YOUR ASSIGNMENT: Copy each entry below unchanged; the images do not go in the copy.

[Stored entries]

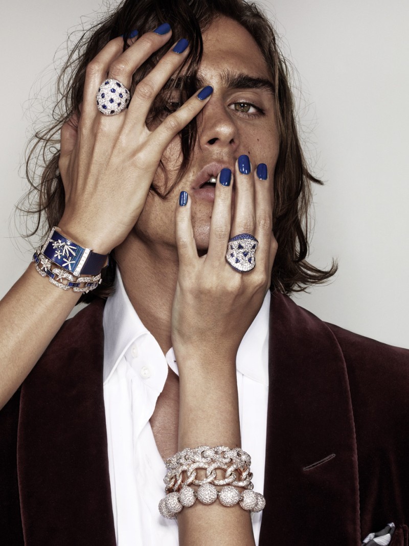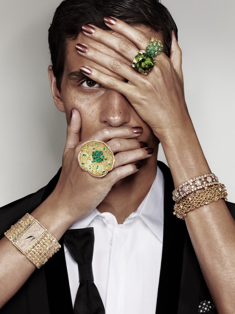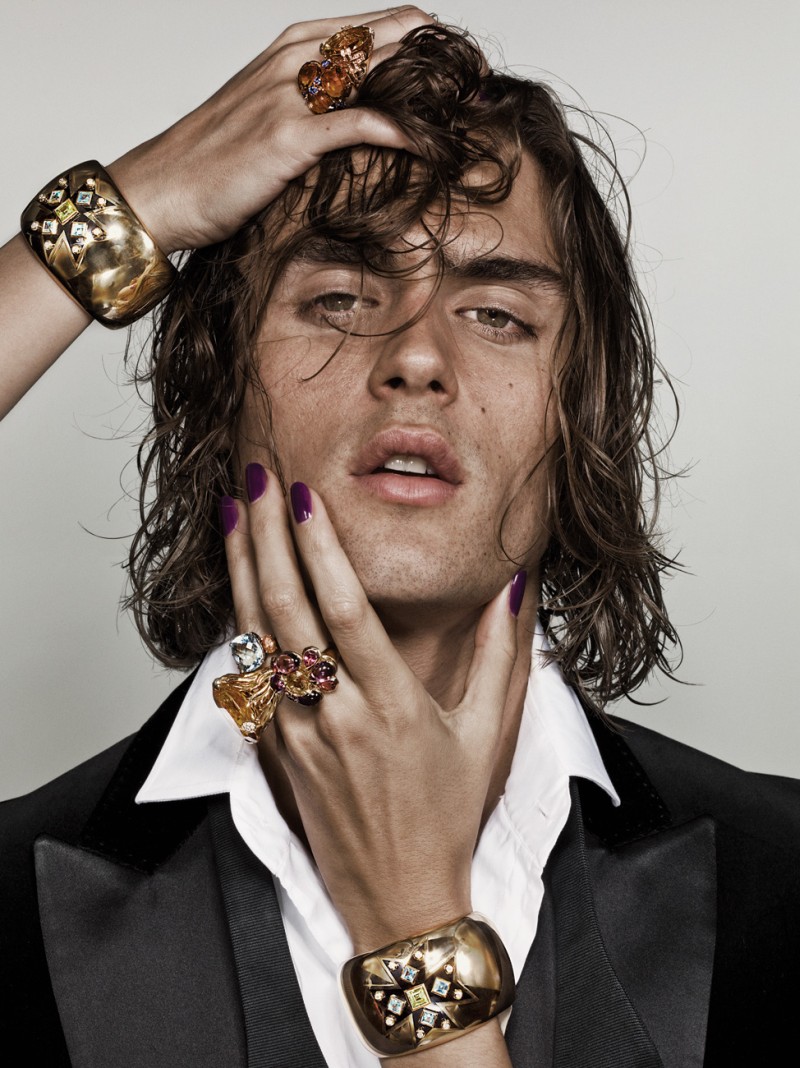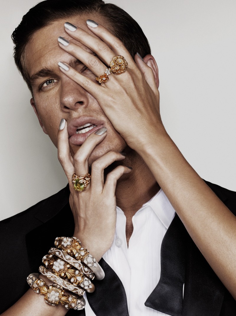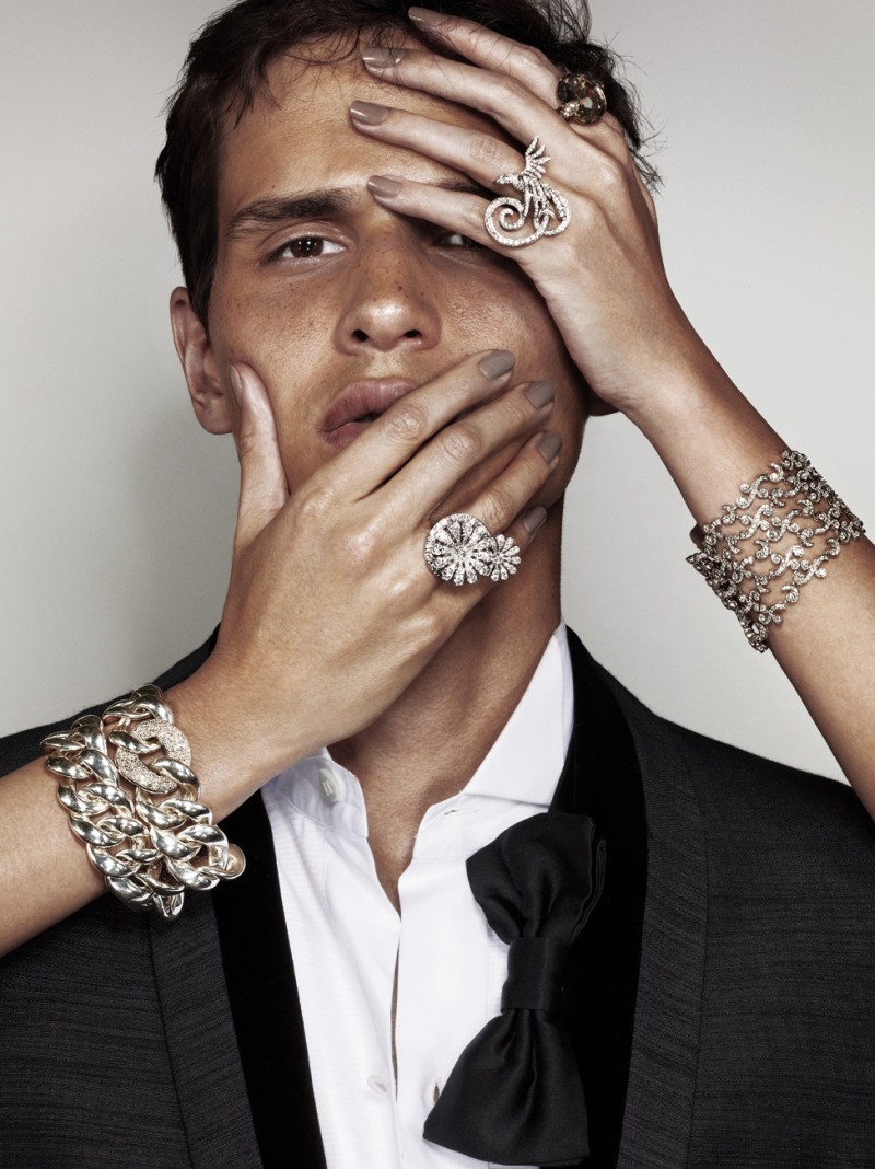 Christina Ambers and Melissa Jackson get their hands on Jacques Naude, Adam Senn, David Smith and Alex Lundqvist for Robbie Fimmano’s most recent Interview story. Juxtaposing womenswear accessories with menswear, formal wear from the likes of Giorgio Armani, Givenchy and Dolce & Gabbana come together for a quirky fashionable outing. – Courtesy of Thefashionisto.com
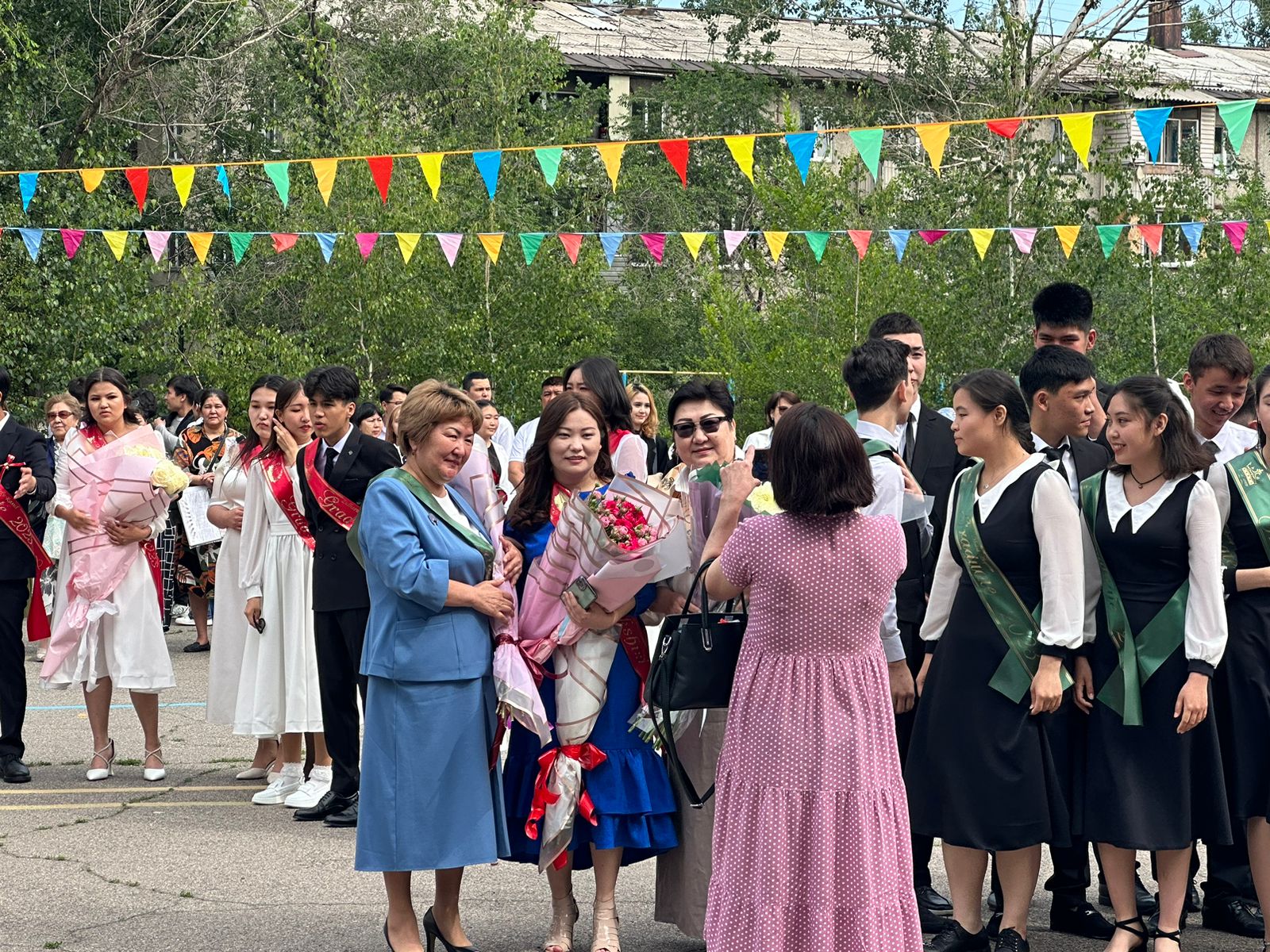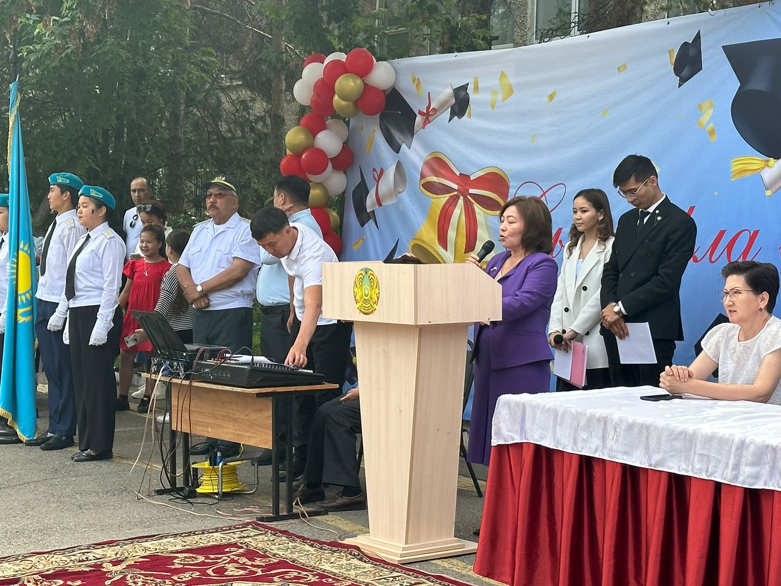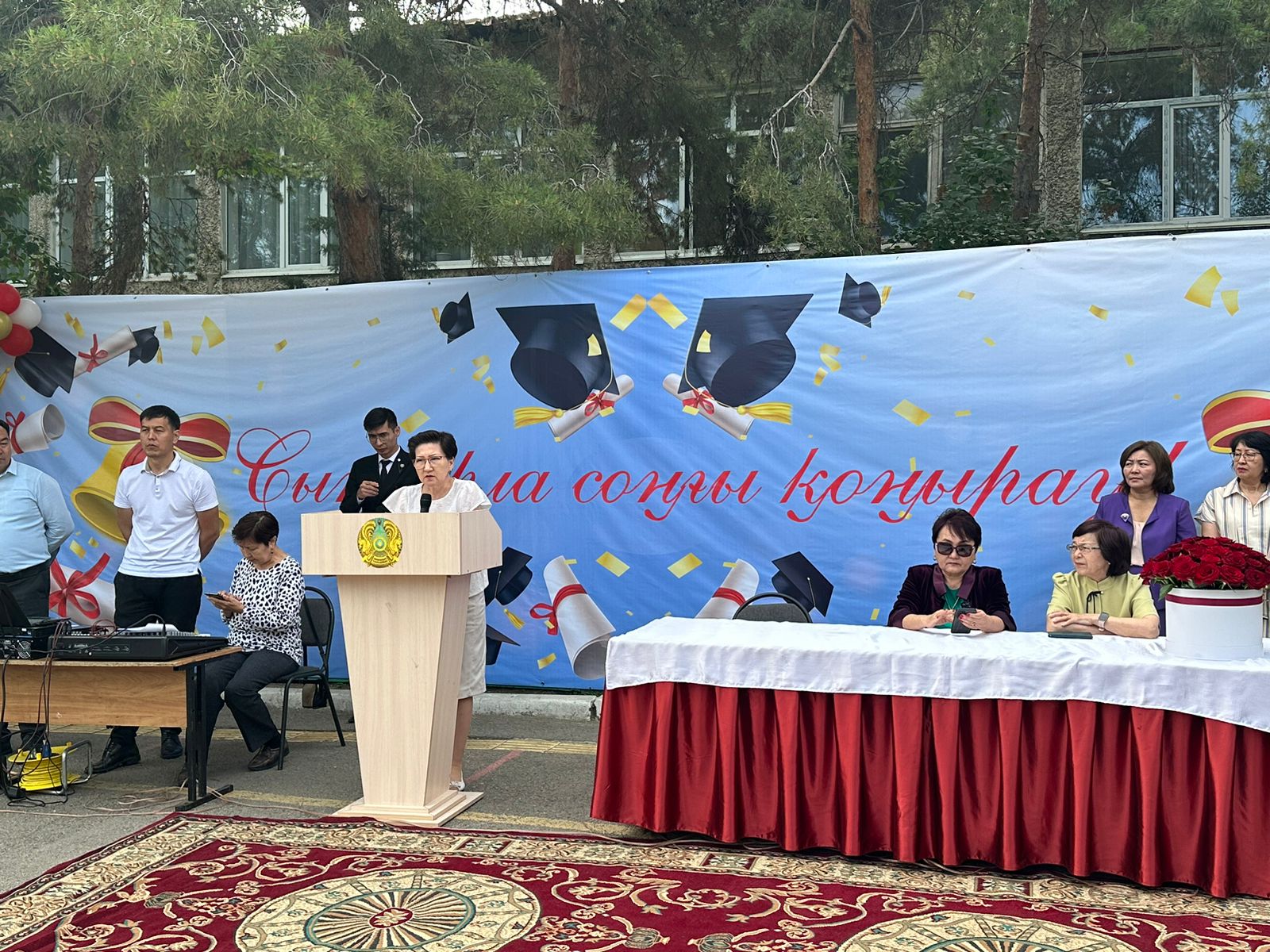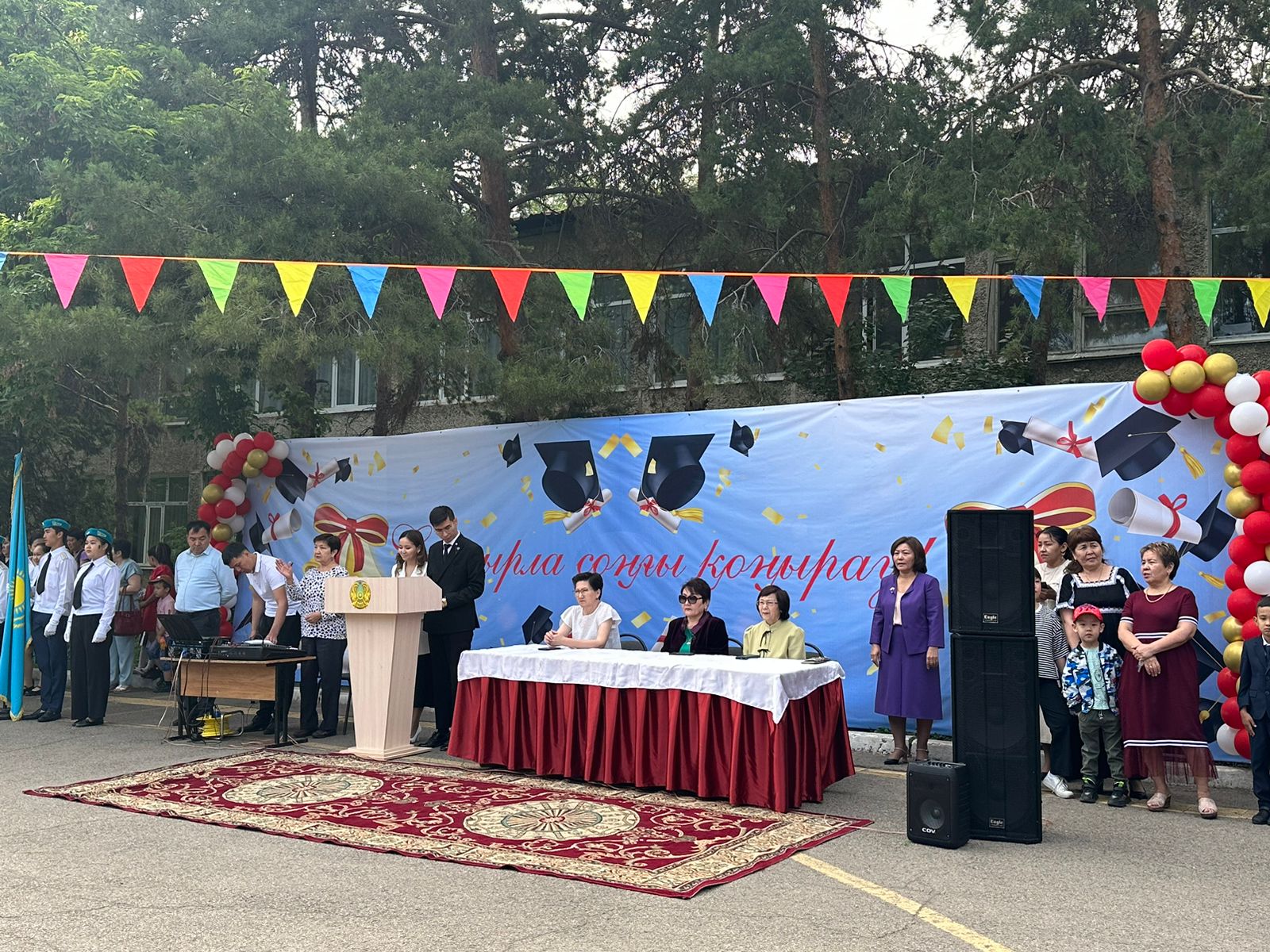 Сонымен қатар, салтанатты жиынымыздың қадірлі қонағы болған, Әуезов ауданы әкімдік аппаратының бас маманы Сансызбаева Айгуль Айдархановна. Айгуль Айдархановна оқушыларды оқу жылының аяқталуымен құттықтап, 11 сынып оқушыларына жылы лебізін білдірді.
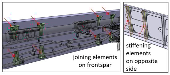 Joining elements for MLE attached to the front spar (left) and supporting stiffening elements on opposite side (right).
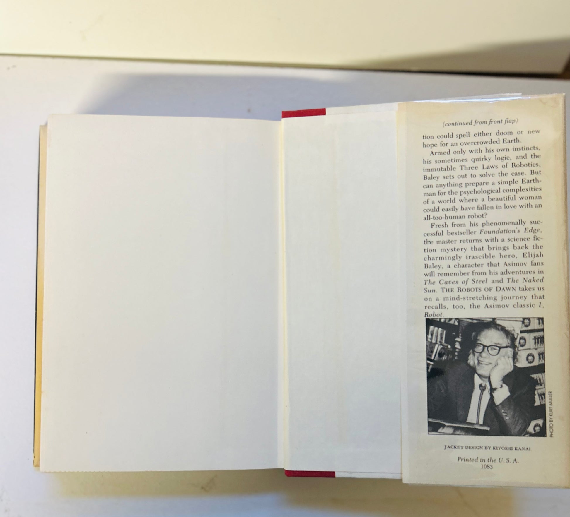 Isaac Asimov. Stated first edition. New York: Doubleday and Company, 1983. Both unclipped dust jacket, in a mylar protective wrapper, and hardcover are in Near Fine condition. No writing or markings found in the book, 419 pp. There are early signs of chipping on top of spine. Jacket designed by Kiyoshi Kanai.
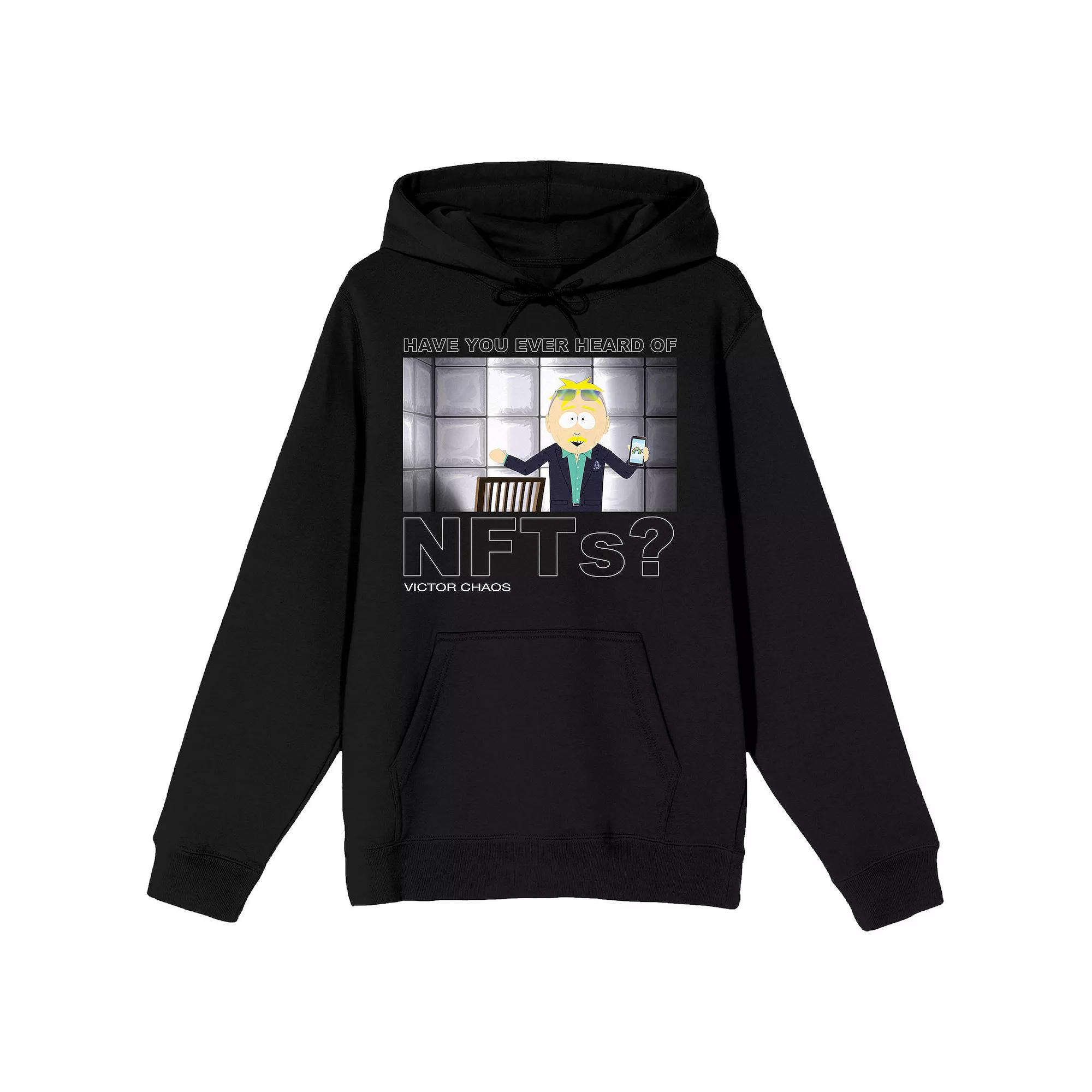 Give your wardrobe a refresh with this Mens South Park Victor Chaos NFTs Quote Graphic Hoodie. Give your wardrobe a refresh with this Mens South Park Victor Chaos NFTs Quote Graphic Hoodie. FEATURES Hooded Long sleeveFABRIC & CARE Cotton, polyester Machine wash Imported Color: Black. Gender: male. Age Group: adult. Material: Polyester|Cotton.
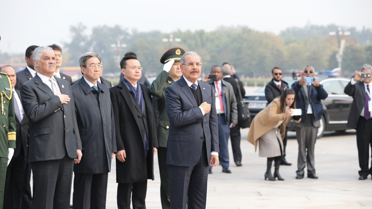 Danilo Medina inicia agenda en República Popular China con ofrenda floral en Monumento Héroes del Pueblo en Plaza de Tiananmén
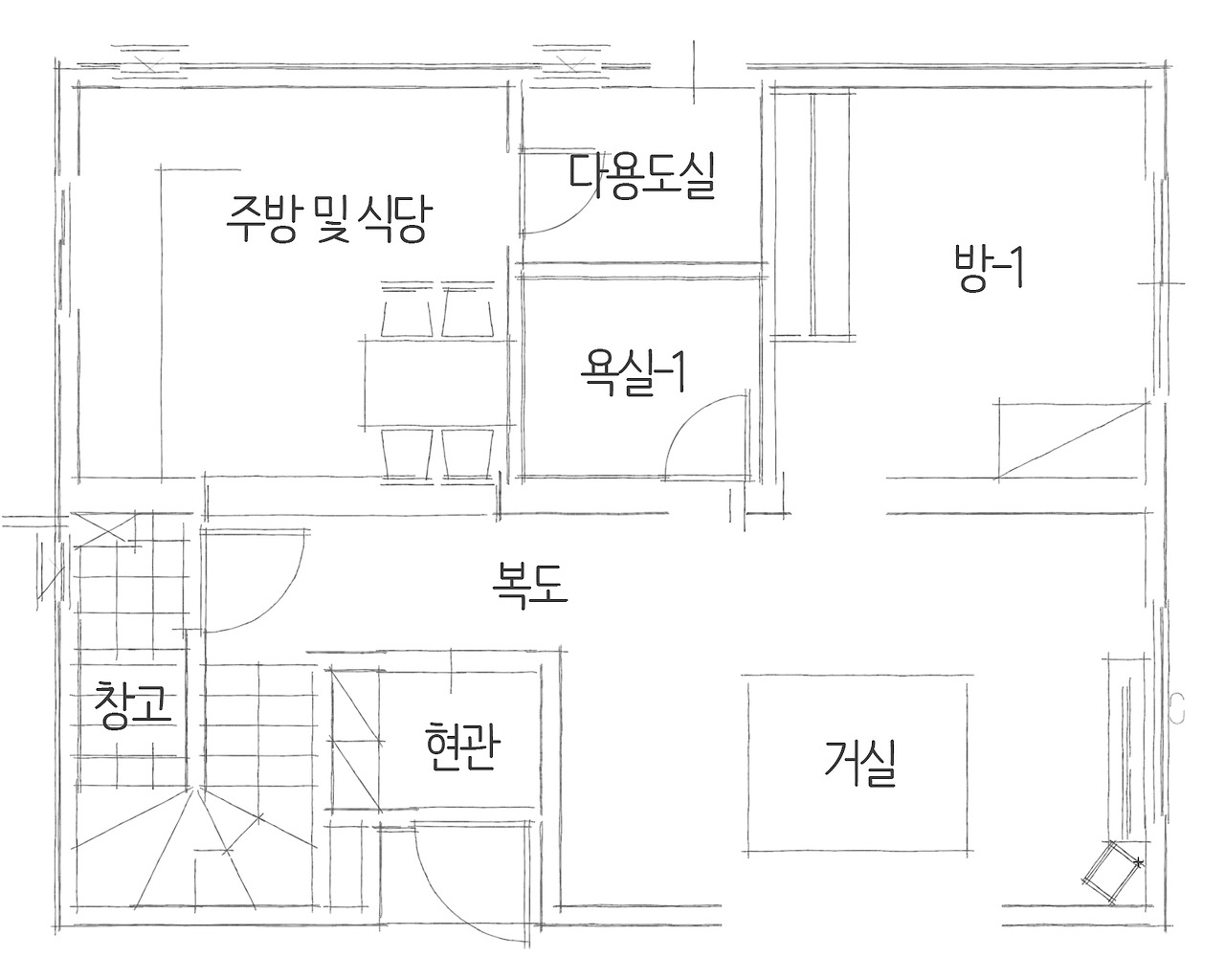 이번 전원주택건축 현장은 현관을 들어서면 복도가 있으며, 우측으로는 거실이 놓여있습니다. 주방과 다용도실을 일직선상에 배치하여 다용도실을 보조 주방 겸 수납공간으로 활용하여 공간의 활용도를 높였으며, 더불어 방과 욕실은 전원주택 건축 시 가까이에 두어 욕실에서 목욕 후 바로 침실로 와 충분한 휴식을 취할 수 있도록 설계하였습니다. 욕실은 주방과 방 사이에 있기 때문에 프라이빗 한 공간 속에서 씻을 수 있도록 시공하였습니다.

EXERCISE ANSWER:
 Christina Ambers and Melissa Jackson get their hands on Jacques Naude, Adam Senn, David Smith and Alex Lundqvist for Robbie Fimmano’s most recent Interview story. Juxtaposing womenswear accessories with menswear, formal wear from the likes of Giorgio Armani, Givenchy and Dolce & Gabbana come together for a quirky fashionable outing. – Courtesy of Thefashionisto.com
 Сонымен қатар, салтанатты жиынымыздың қадірлі қонағы болған, Әуезов ауданы әкімдік аппаратының бас маманы Сансызбаева Айгуль Айдархановна. Айгуль Айдархановна оқушыларды оқу жылының аяқталуымен құттықтап, 11 сынып оқушыларына жылы лебізін білдірді.
 Joining elements for MLE attached to the front spar (left) and supporting stiffening elements on opposite side (right).
 Isaac Asimov. Stated first edition. New York: Doubleday and Company, 1983. Both unclipped dust jacket, in a mylar protective wrapper, and hardcover are in Near Fine condition. No writing or markings found in the book, 419 pp. There are early signs of chipping on top of spine. Jacket designed by Kiyoshi Kanai.
 Give your wardrobe a refresh with this Mens South Park Victor Chaos NFTs Quote Graphic Hoodie. Give your wardrobe a refresh with this Mens South Park Victor Chaos NFTs Quote Graphic Hoodie. FEATURES Hooded Long sleeveFABRIC & CARE Cotton, polyester Machine wash Imported Color: Black. Gender: male. Age Group: adult. Material: Polyester|Cotton.
 Danilo Medina inicia agenda en República Popular China con ofrenda floral en Monumento Héroes del Pueblo en Plaza de Tiananmén
 이번 전원주택건축 현장은 현관을 들어서면 복도가 있으며, 우측으로는 거실이 놓여있습니다. 주방과 다용도실을 일직선상에 배치하여 다용도실을 보조 주방 겸 수납공간으로 활용하여 공간의 활용도를 높였으며, 더불어 방과 욕실은 전원주택 건축 시 가까이에 두어 욕실에서 목욕 후 바로 침실로 와 충분한 휴식을 취할 수 있도록 설계하였습니다. 욕실은 주방과 방 사이에 있기 때문에 프라이빗 한 공간 속에서 씻을 수 있도록 시공하였습니다.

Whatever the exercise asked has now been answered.